Павел Гельбак - ...И вся жизнь
Прочла стихи, и показалось, что облако приветливо помахало ей рукой. Может быть, это вовсе и не облако, а Игорь — муж. Поэт прав — все мы уходим из жизни, чтобы снова в нее вернуться, то ли в образе человека, то ли птицы, морской волны, облака…
Смерть поэт называл суеверием, он не признавал ее в обычном понимании слова. Поэту казалось, что все духовные и телесные свойства человека бессмертны, потому что в природе ничто не исчезает, а только меняет форму.

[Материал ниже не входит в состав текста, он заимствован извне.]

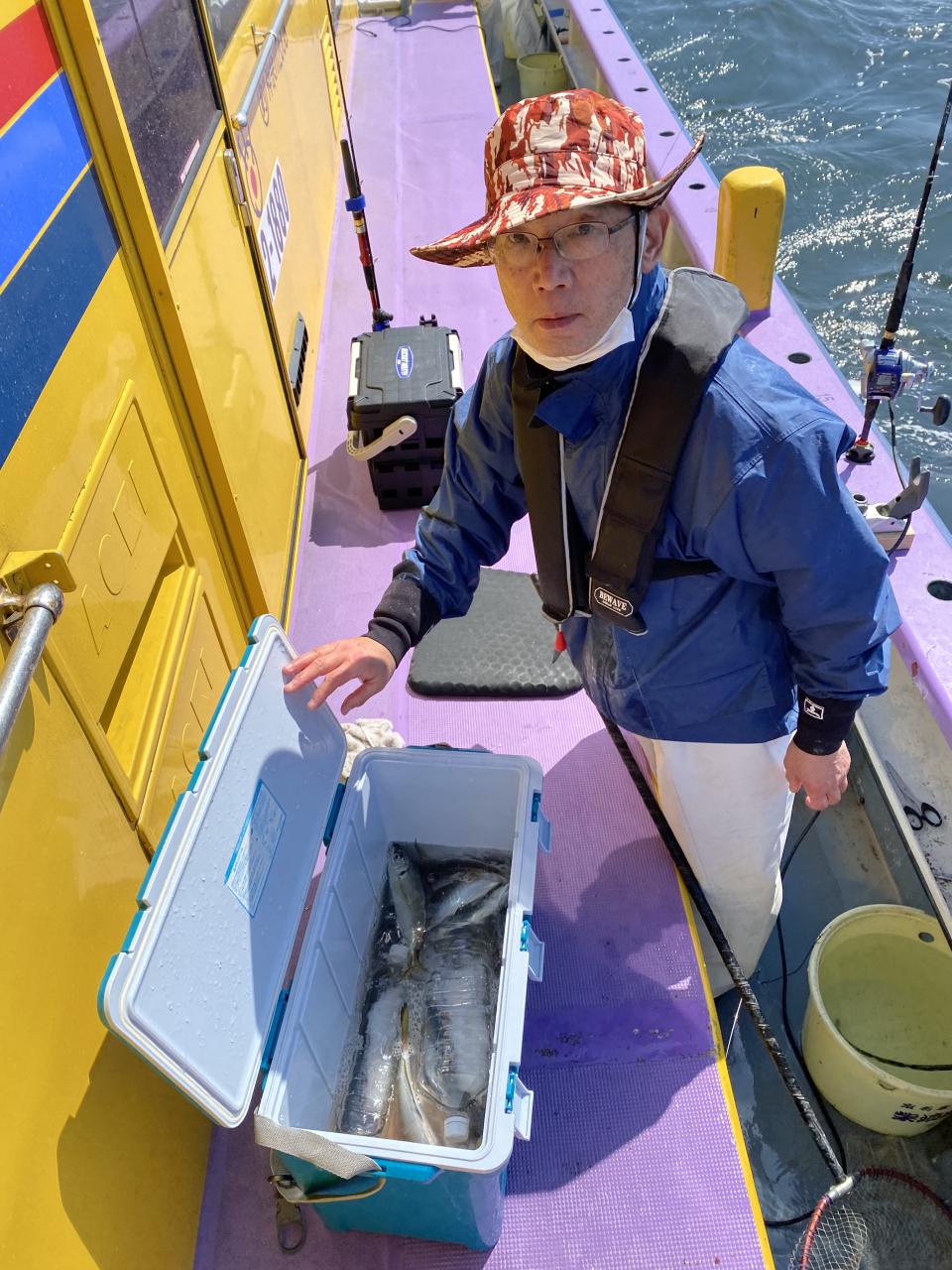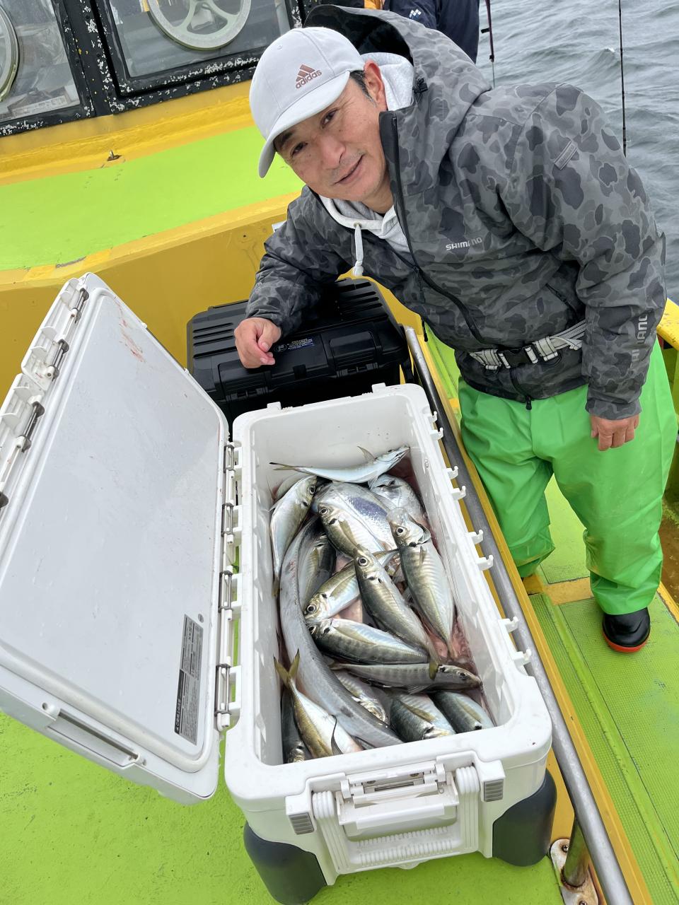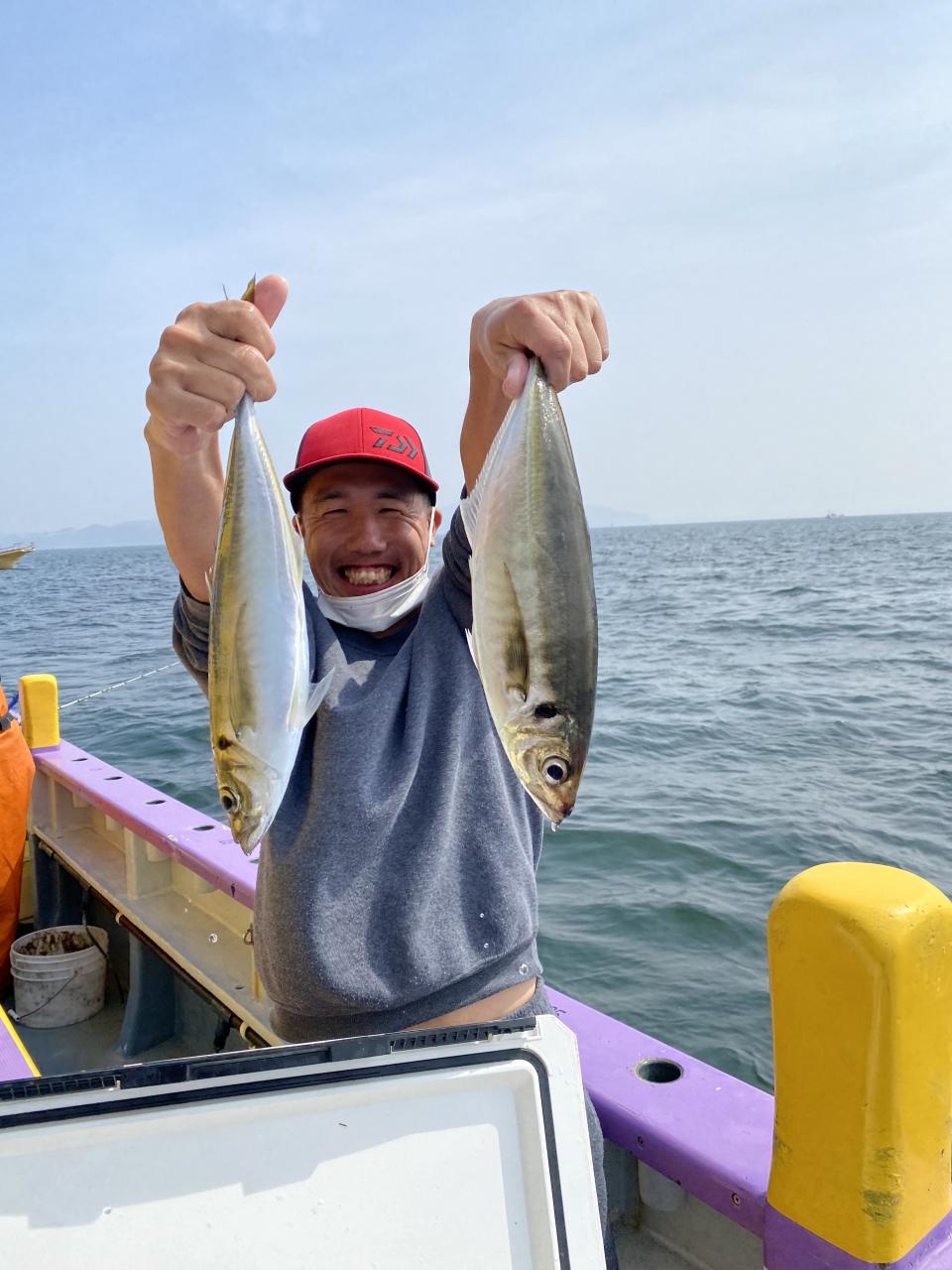 朝イチからいい反応には乗ってるものの型見た程度で…。活性の高い群れを求めて広範囲に探索しましたが、型見るばかりで。上潮が流れてきたタイミングで好転期待して船団へ戻りましたが、やはり型見るばかりで…たまには1人当たると3人、4人当たって複数人ヒットなんて時もありましたが、長続きせずで苦戦でした。

Любовь Павловна понимала, что материя не исчезает, природа бессмертна, но люди смертны и уходят из жизни навсегда. И все-таки очень ей нравились эти стихи, хотелось верить в сладостный обман, и, кажется, порой удавалось находить успокоение в теории превращений. Ведь эта теория сулила бессмертие ей самой и всем, кого она любила в этой жизни.
Ну что ж, пусть она со временем станет березкой, пусть утратит свое «Я», свою индивидуальность. Пусть! Но, может быть, над березкой в знойный день пронесется тучка, обронит на нее несколько дождевых капель, она почувствует, обязательно почувствует, что это ей передал привет Игорь, ее боевой товарищ, ее муж, отец ее дочери.

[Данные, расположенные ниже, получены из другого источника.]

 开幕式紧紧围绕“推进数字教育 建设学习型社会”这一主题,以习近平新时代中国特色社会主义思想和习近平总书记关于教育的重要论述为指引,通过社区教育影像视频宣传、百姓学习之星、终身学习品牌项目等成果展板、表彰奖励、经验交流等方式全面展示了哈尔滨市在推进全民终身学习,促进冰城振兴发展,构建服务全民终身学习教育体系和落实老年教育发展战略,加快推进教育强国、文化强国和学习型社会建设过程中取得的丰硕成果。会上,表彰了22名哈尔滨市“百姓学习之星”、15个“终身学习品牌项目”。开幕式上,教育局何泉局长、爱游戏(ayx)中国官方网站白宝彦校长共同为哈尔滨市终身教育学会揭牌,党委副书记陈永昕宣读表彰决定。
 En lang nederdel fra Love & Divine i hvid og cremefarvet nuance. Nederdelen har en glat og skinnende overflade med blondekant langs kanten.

В доме на том берегу реки распахнулись окна. В палату вошла дежурная сестра.
— Как спали? — взяла за руку. — Пульс хороший, а теперь измерим температуру.

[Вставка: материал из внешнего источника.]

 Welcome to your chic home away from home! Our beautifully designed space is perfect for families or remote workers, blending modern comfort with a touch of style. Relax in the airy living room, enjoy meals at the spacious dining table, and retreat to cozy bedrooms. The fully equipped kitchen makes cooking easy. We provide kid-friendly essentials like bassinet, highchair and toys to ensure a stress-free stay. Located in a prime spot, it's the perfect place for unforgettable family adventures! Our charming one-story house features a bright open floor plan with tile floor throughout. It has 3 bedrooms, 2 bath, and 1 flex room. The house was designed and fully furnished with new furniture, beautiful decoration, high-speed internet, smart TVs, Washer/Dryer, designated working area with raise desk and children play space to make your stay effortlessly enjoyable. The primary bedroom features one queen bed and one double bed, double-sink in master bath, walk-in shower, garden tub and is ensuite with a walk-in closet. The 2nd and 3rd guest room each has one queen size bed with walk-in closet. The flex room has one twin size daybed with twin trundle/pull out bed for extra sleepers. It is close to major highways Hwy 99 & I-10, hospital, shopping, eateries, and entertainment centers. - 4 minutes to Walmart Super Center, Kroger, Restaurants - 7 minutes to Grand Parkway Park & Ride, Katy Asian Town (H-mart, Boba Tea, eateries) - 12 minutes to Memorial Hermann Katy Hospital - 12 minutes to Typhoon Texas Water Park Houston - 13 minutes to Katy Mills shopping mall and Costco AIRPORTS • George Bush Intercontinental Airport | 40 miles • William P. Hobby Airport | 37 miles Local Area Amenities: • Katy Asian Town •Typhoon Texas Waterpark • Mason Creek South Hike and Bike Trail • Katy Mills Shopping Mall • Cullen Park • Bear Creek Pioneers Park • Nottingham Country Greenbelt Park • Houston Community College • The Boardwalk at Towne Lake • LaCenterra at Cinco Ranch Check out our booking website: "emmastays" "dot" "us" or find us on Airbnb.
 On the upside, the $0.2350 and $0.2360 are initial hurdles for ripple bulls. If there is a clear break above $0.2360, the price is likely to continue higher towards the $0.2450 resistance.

Сегодня ее пришли проведать Женя и Толя. Ребята рассказывали, о чем пишут газеты, о каких-то городских новостях, но Любовь Павловна слушала невнимательно. Продолжала думать о своем, что ждет ее там. Стала рассказывать ребятам о случае, происшедшем на фронте. Партизан постигла неудача. Печалова высказала предположение, что это им покойный капитан свинью подложил.
— Что ты, мама. Это же было через год после того, как капитан погиб в лагере. Ты сама об этом писала, — заметила Женя.
— Погиб, и, думаешь, все. А может, он после смерти и стал тем предательским сучком, который попал к нам под ноги, треснул, выдал разведчиков…
Анатолий испуганно посмотрел на Женю — рехнулась женщина. Любовь Павловна перехватила взгляд, адресованный дочери, вздохнула:
— Идите, ребята, на воздух, устали вы здесь со мной.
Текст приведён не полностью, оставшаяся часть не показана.